RECORDS FOR THE EXERCISE:
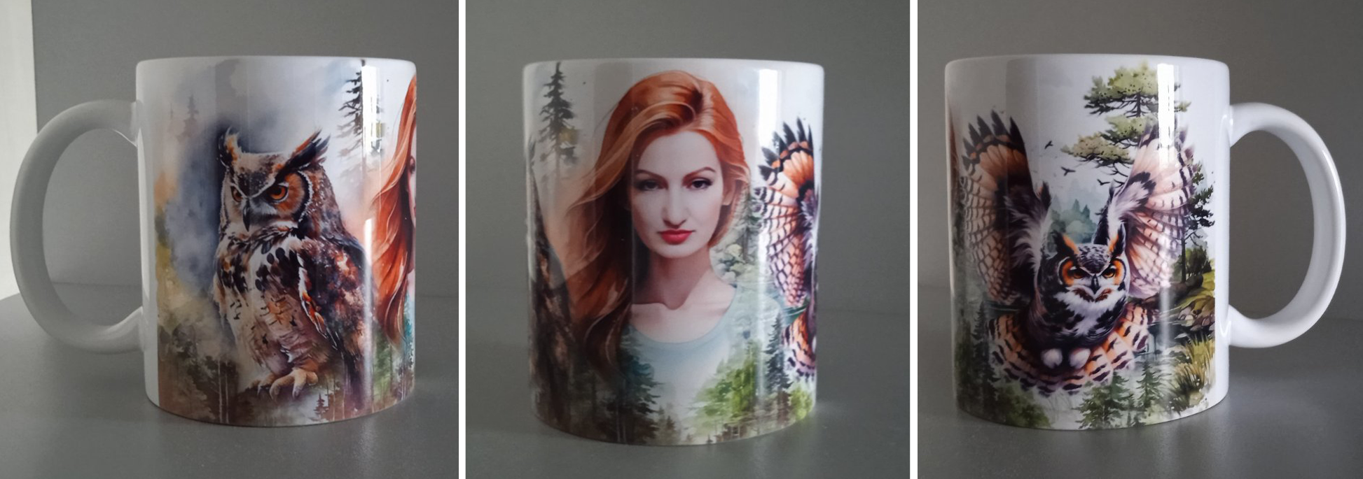 На портрете моя коллега – Лариса. Птичка – филин. Филин птичка невероятно умная сильная и упорная, вполне может напасть на лису и отнять добычу у охотника. Ну и конечно же это ночная птица. Рефы птички из интернета, портрет с натуры, сосны и ёлки по памяти, акварель. Эскизы отсканированы, доработаны в фотошопе и отданы в печать. Кружечек в планах будет еще много. Сов я люблю, мир ночных птичек очень разнообразен, мир ночных людей разнообразен не меньше.
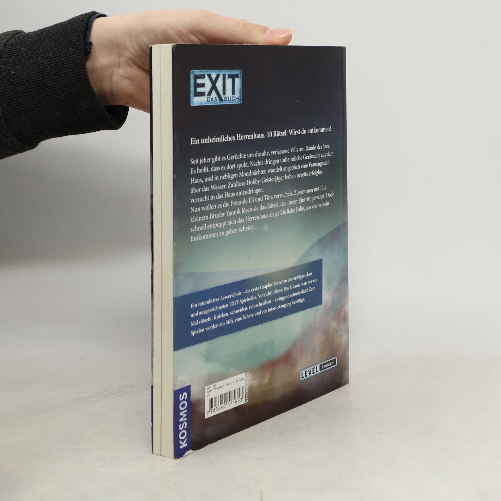 Spukt es in der verlassenen Villa am Rande des Sees? Nachts dringen unheimliche Geräusche aus dem Haus und in Nebelnächten soll eine Frauengestalt über das Wasser wandeln ... Zahllose Geisterjäger und Urban Explorer haben vergebens versucht, in das Haus einzudringen. Auch Eli, Tina und Yannik wollen das Geheimnis lüften. Mit viel Scharfsinn knacken sie den Rätselcode für die Eingangstür. Doch schnell entpuppt sich die mysteriöse Villa als gefährliche Falle ...Hinweise können überall im Buch versteckt sein, kreative Lösungen sind gefragt, ausschneiden, zeichnen, knicken – alles ist erlaubt. Live-Escape-Feeling für Einsteiger!
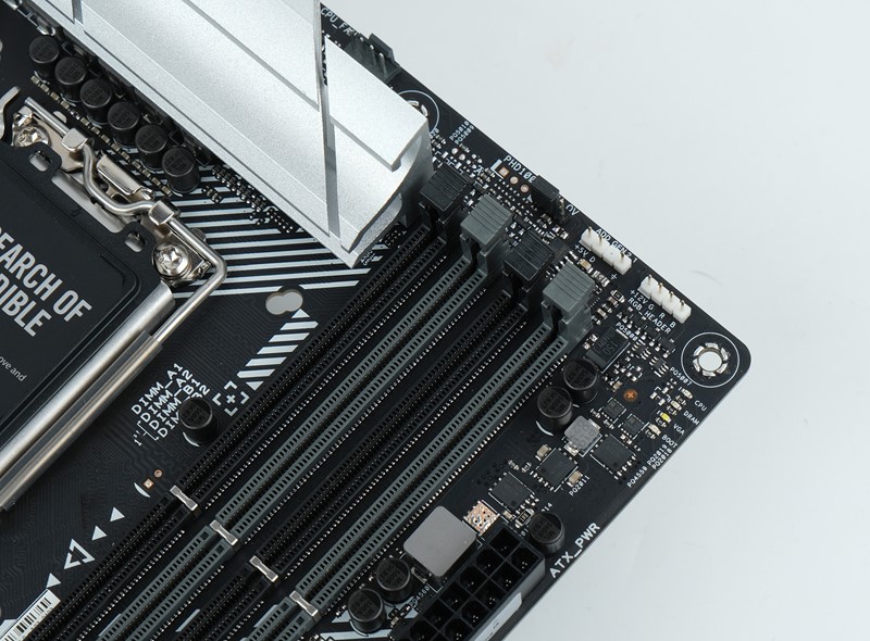 Iako je riječ o ploči koja košta oko 3.000 kuna, Prime Z690-A isporučuje se s minimalnim setom dodatne opreme, koji se sastoji od dva SATA kabela i dodataka za instalaciju M.2 SSD-ova. Serija Prime specifična je po svjetlijem dizajnu, pa su metalni elementi srebrne boje, a plastični uglavnom bijele. Gornjom polovicom ploče tako dominiraju veliki aluminijski hladnjaci postavljeni preko 16+1-faznog naponskog modula, komplementarni s ukrasnom bijelom maskom koja prekriva stražnje konektore i drži integrirani zaštitni limić na mjestu. Tu je i nenametljivo integrirano RGB osvjetljenje, koje popunjava prostor između ukrasnog oklopa i većeg VRM hladnjaka. Proizvođač u dokumentaciji i promotivnim materijalima ne specificira koliko jaku vršnu struju mogu propustiti elementi koji čine naponsku jedinicu, no može se pretpostaviti da je riječ o 70-amperskim integriranim elementima.
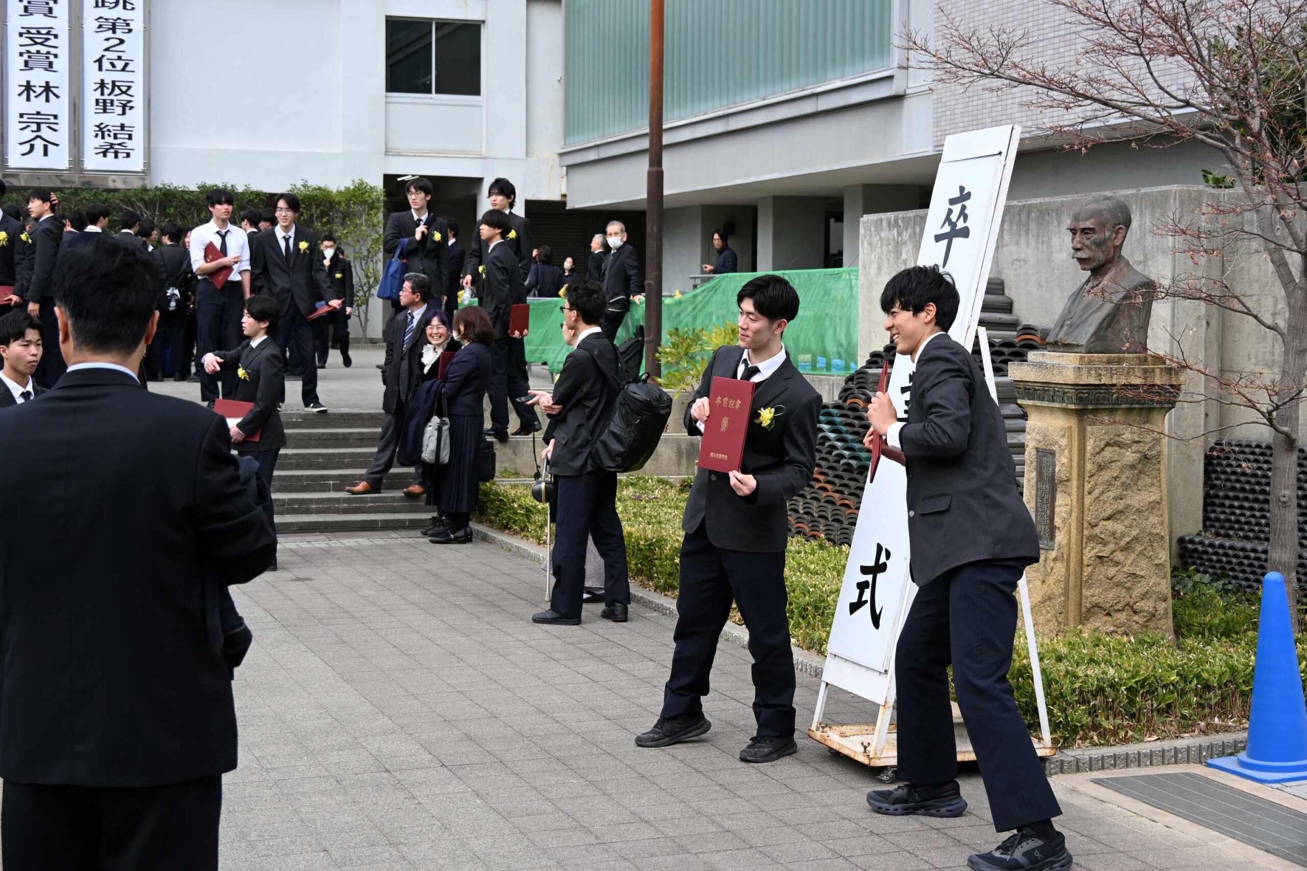 3月2日(月) 高校3年生(78回生)は無事卒業式を迎えました。8月に竣工した新体育館で初の式典です。天候にも恵まれ、厳かな式典となりました。卒業生には社会に出て立派に活躍してもらいたいものです。
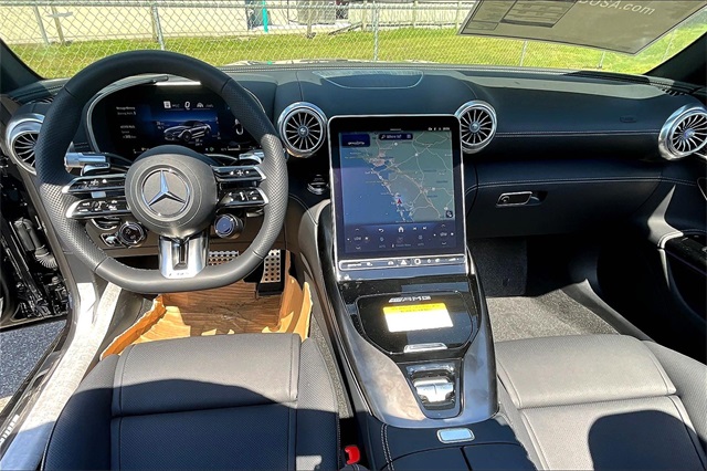 The 2026 Mercedes-Benz SL 55 AMG® 4MATIC® is a luxury sport convertible featuring a 4.0L V8 Biturbo engine and a 9-speed automatic transmission. With a striking black exterior and a refined black interior, this vehicle offers a premium driving experience. Enjoy advanced technology, comfort, and performance with features like the MBUX Infotainment & Navigation System, Burmester Surround Sound System, and Nappa Leather Upholstery.
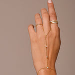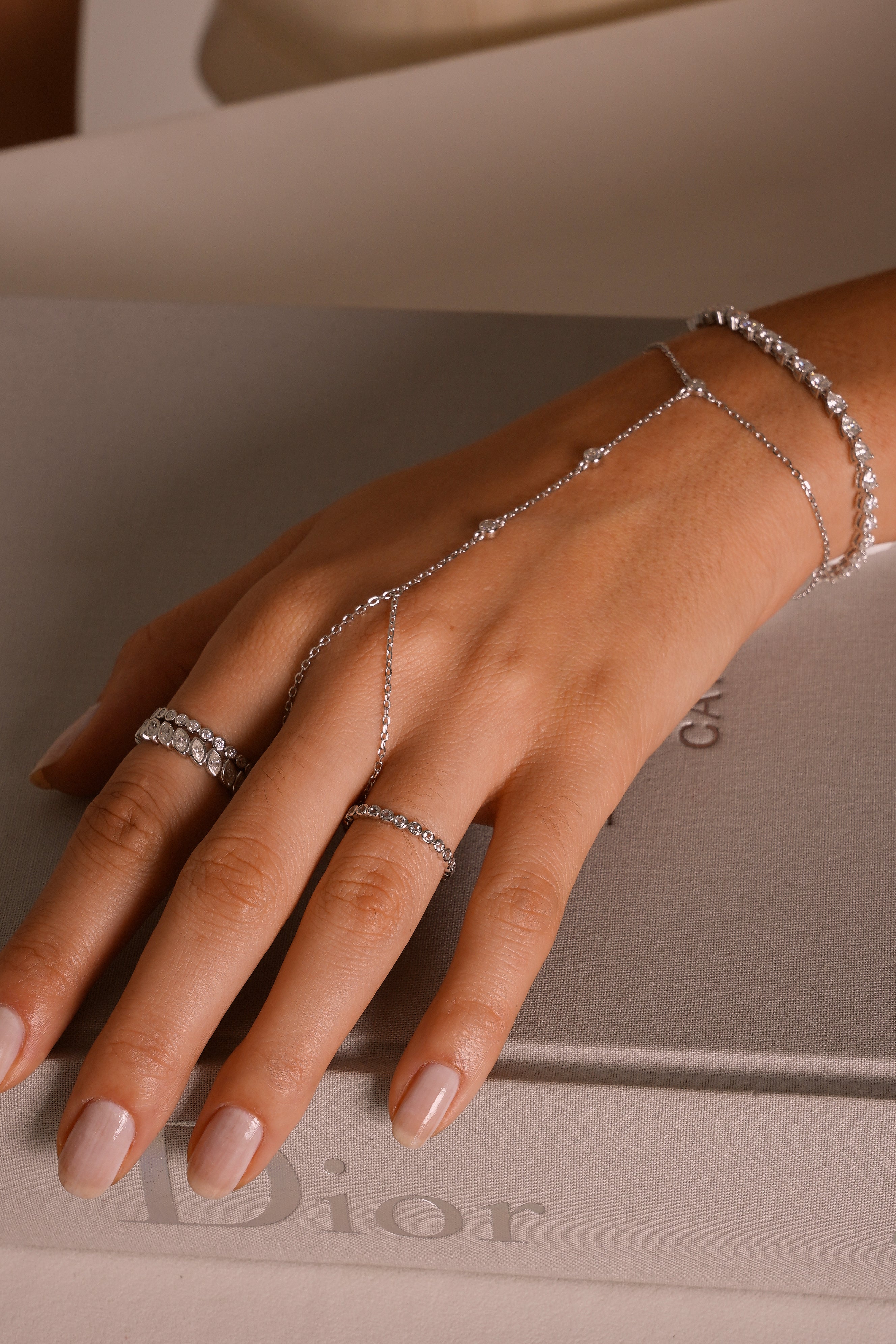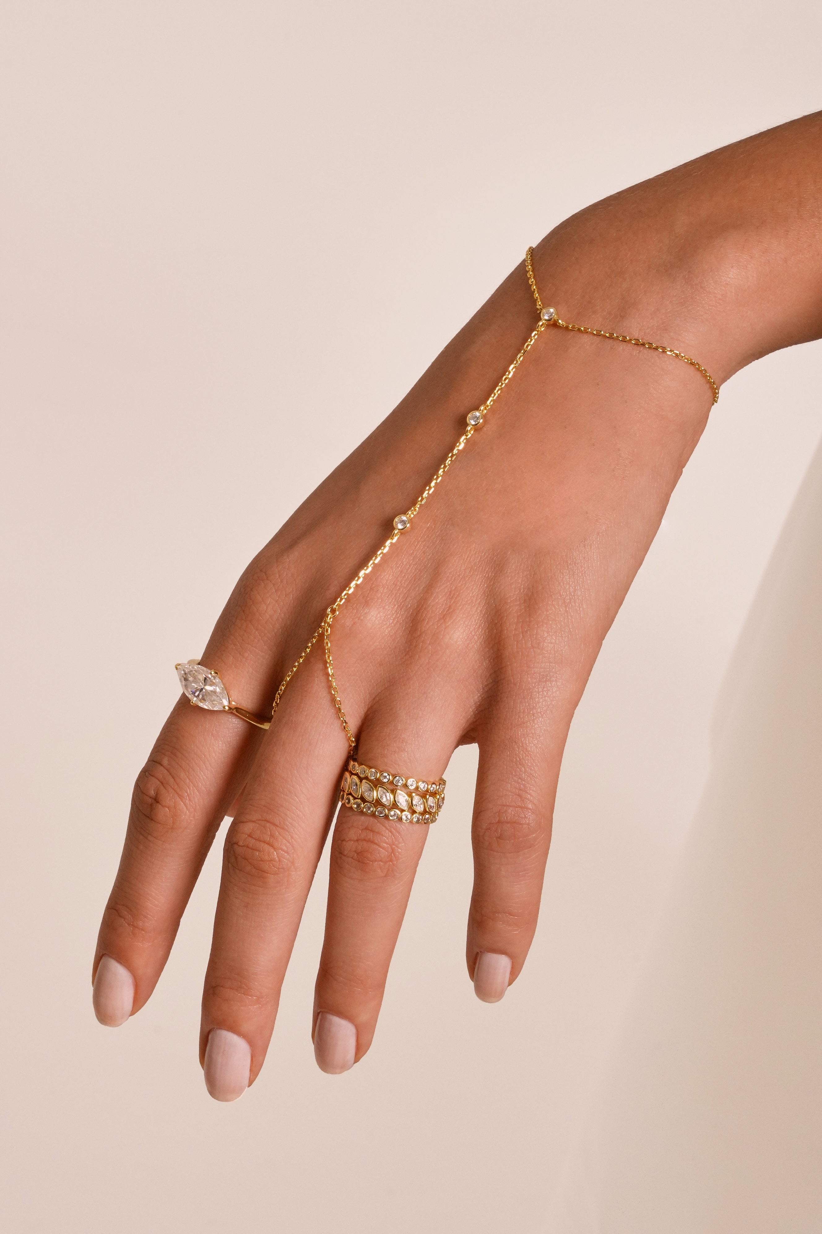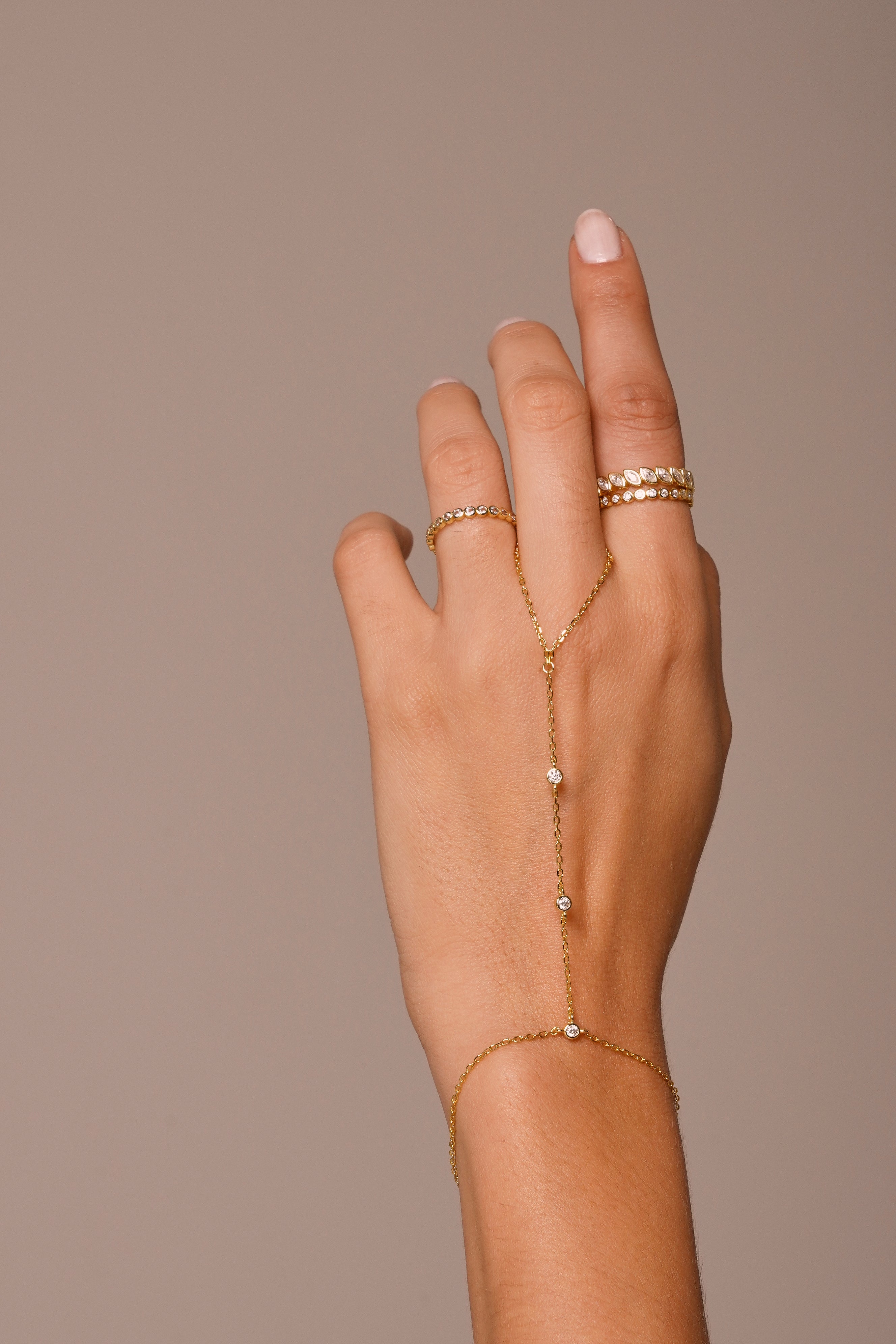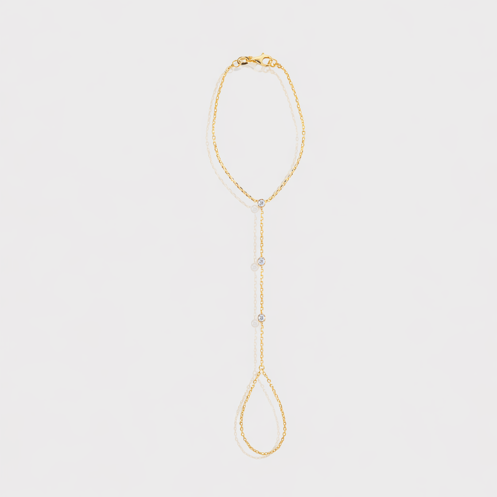 Design: Silhueta moderna estilo hand-chain que conecta uma pulseira clássica a um aro delicado para o dedo — minimalista e marcante, perfeita para ocasiões especiais ou produções sofisticadas do dia a dia
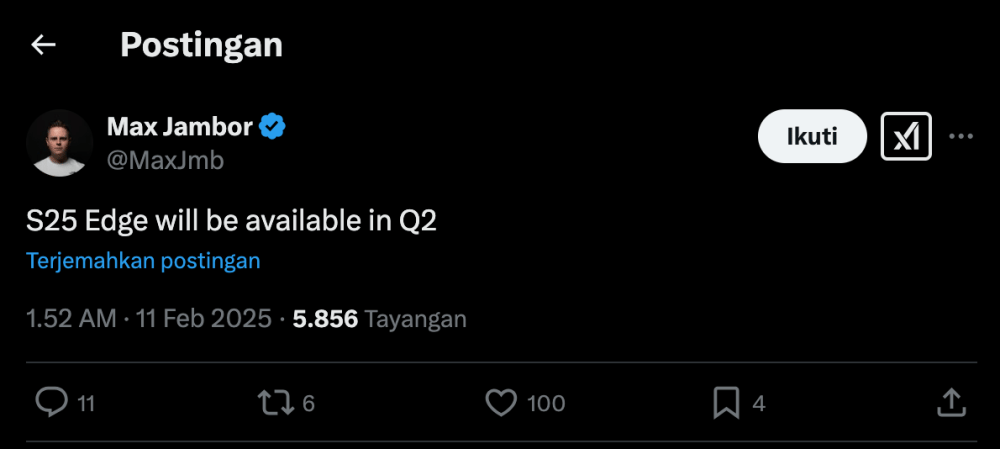 Meski jadwal rilisnya mulai terungkap, spesifikasi dan harga resminya masih menjadi tanda tanya. Apakah Samsung Galaxy S25 Edge akan menjadi pilihan menarik bagi kamu yang ingin mendambakan flagship ringan dengan desain premium? Mari tunggu saja pengumuman resminya dalam beberapa bulan mendatang, ya!
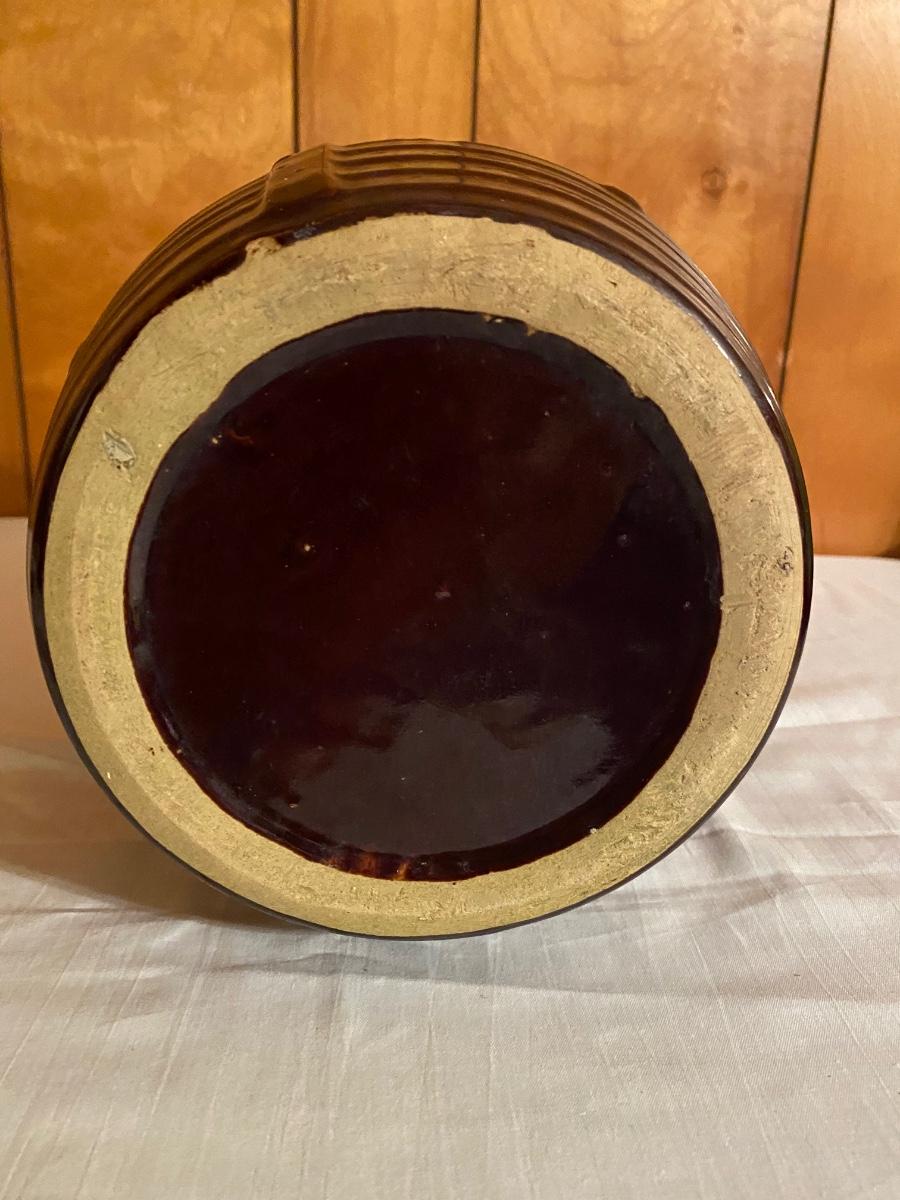 Old brown pottery crock with lid. Approx 7-1/2w x 8”h

WORK REQUEST: Your reply should consist only of the lines running from the line with "The 2026 Mercedes-Benz" to the end of the entries, both included, copied exactly and without any pictures.

ANSWER SECTION:
 The 2026 Mercedes-Benz SL 55 AMG® 4MATIC® is a luxury sport convertible featuring a 4.0L V8 Biturbo engine and a 9-speed automatic transmission. With a striking black exterior and a refined black interior, this vehicle offers a premium driving experience. Enjoy advanced technology, comfort, and performance with features like the MBUX Infotainment & Navigation System, Burmester Surround Sound System, and Nappa Leather Upholstery.
 Design: Silhueta moderna estilo hand-chain que conecta uma pulseira clássica a um aro delicado para o dedo — minimalista e marcante, perfeita para ocasiões especiais ou produções sofisticadas do dia a dia
 Meski jadwal rilisnya mulai terungkap, spesifikasi dan harga resminya masih menjadi tanda tanya. Apakah Samsung Galaxy S25 Edge akan menjadi pilihan menarik bagi kamu yang ingin mendambakan flagship ringan dengan desain premium? Mari tunggu saja pengumuman resminya dalam beberapa bulan mendatang, ya!
 Old brown pottery crock with lid. Approx 7-1/2w x 8”h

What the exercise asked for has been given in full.